Former NBA Player Supports Legal Marijuana
Former NBA player Al Harrington recently published an opinion piece for the Players’ Tribune that neatly sums up many of the arguments for marijuana legalization in one place.
Harrington’s article is filled with his personal experiences with cannabis, from seeing arrests in the poor New Jersey neighborhood where he grew up to seeing the positive effects medical marijuana had on his grandmother’s health.
NBA Great To Advocate
Harrington played in the NBA for 16 years, including stints with the Indiana Pacers, Atlanta Hawks, Golden State Warriors, New York Knicks, Denver Nuggets and Orlando Magic.
Due to the aches and pains he suffered as a player, Harrington wrote that he took some type of opioid almost his entire time in the league. He didn’t try marijuana until he saw his grandmother using it to fight chronic pain that was affecting her vision.
It worked for her. After he left the NBA, Harrington tried it for his own chronic pain, using products derived from CBD, which is a chemical component of marijuana that does not cause the high feeling.
He saw immediate results, writing that it “worked better, with fewer side effects, than anything I’ve gotten from a doctor.”
Growing Up In New Jersey
Harrington wrote about growing up in Orange, N.J., where about once a week police officers would come by, looking for people possessing marijuana, mostly young black men.
Later, when he joined the NBA, Harrington met people from more economically advantaged backgrounds who talked about using marijuana – and knowing people who sold it – without any fear of being arrested by the police.
He wrote that it was then he began to understand there were different ways that marijuana laws were applied, depending on what neighborhood you were in. He then shared the well-known fact that while the percentage of marijuana use is about the same across all racial demographics, black people are far more likely to get arrested for it.
In this, Harrington’s argument dovetails into one made by recently elected New Jersey Gov. Phil Murphy.
Unfair Application of Law
During the campaign in 2017, Murphy consistently argued that marijuana laws were used disproportionately against minorities. He referred to an American Civil Liberties Union report that showed black people were three times more likely than white people to get arrested for possession of marijuana.

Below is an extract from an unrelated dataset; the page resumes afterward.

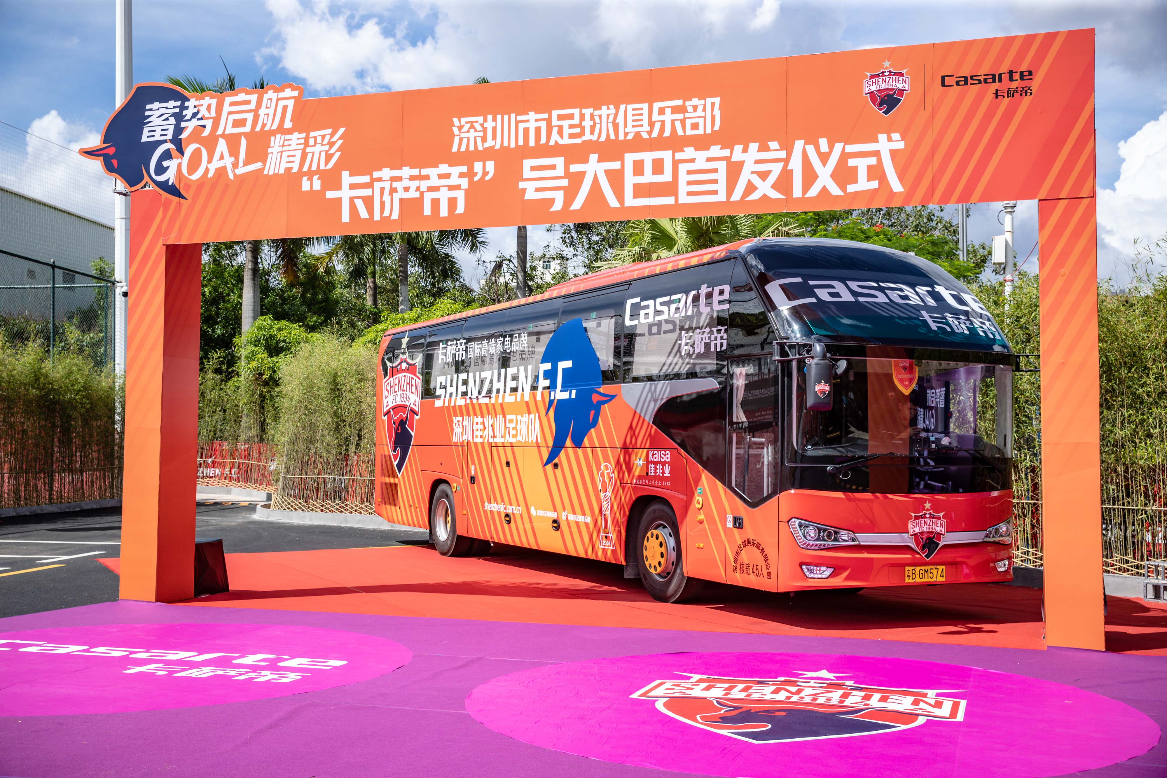 在交車儀式上,新大巴自然是當之無愧的主角。深圳佳兆業(yè)隊此次全新投入使用的大巴,外觀設(shè)計結(jié)合了深足+卡薩帝(Casarte)元素。大巴以橙色為底色,印有Casarte卡薩帝和深圳佳兆業(yè)足球隊的字樣,并在車身顯眼處印有深足LOGO。整車采用空氣動力學造型,現(xiàn)代感和運動感十足,是全新一代的高端公路客車產(chǎn)品。

In some areas, that number rose as high as 11.3 times more likely. In one case – Point Pleasant Beach – that number rose to 31.8 times more likely.
And none of this is a “long ago” thing. The ACLU numbers are from 2013.
Murphy, sworn into office in January, has vowed to end the “mass incarceration” of minorities by expanding the state’s medical marijuana program and legalizing adult-use marijuana.
More Young Politicians
In his Players’ Tribune article, Harrington wrote that the War on Drugs “wasn’t a war on drugs. It was a war on certain people who used drugs. And that’s a fact.”
Harrington also notes that while alcohol is legal across the country and even promoted at sporting events, he knew about a dozen players who had their careers cut short because of alcohol abuse. Players in all sports experience pain, he wrote, and will find ways to deal with it that aren’t always healthy.
He argued that more young people need to run for office and make support of marijuana legalization one of their campaign promises. Surveys have shown Millennials overwhelmingly favor marijuana legalization.
He wrote that a candidate could win “on that issue alone. Because it’s not just about legalization, it’s about addressing racism, policing, the prison system, sentencing laws — all of that. Decriminalizing marijuana is one of those issues that cuts across party lines.”
Harrington, in writing about his reasons for supporting cannabis legalization, sums up many of the pro-marijuana arguments in one place. It’s a must-read for those who support legalization, and those who are still on the fence.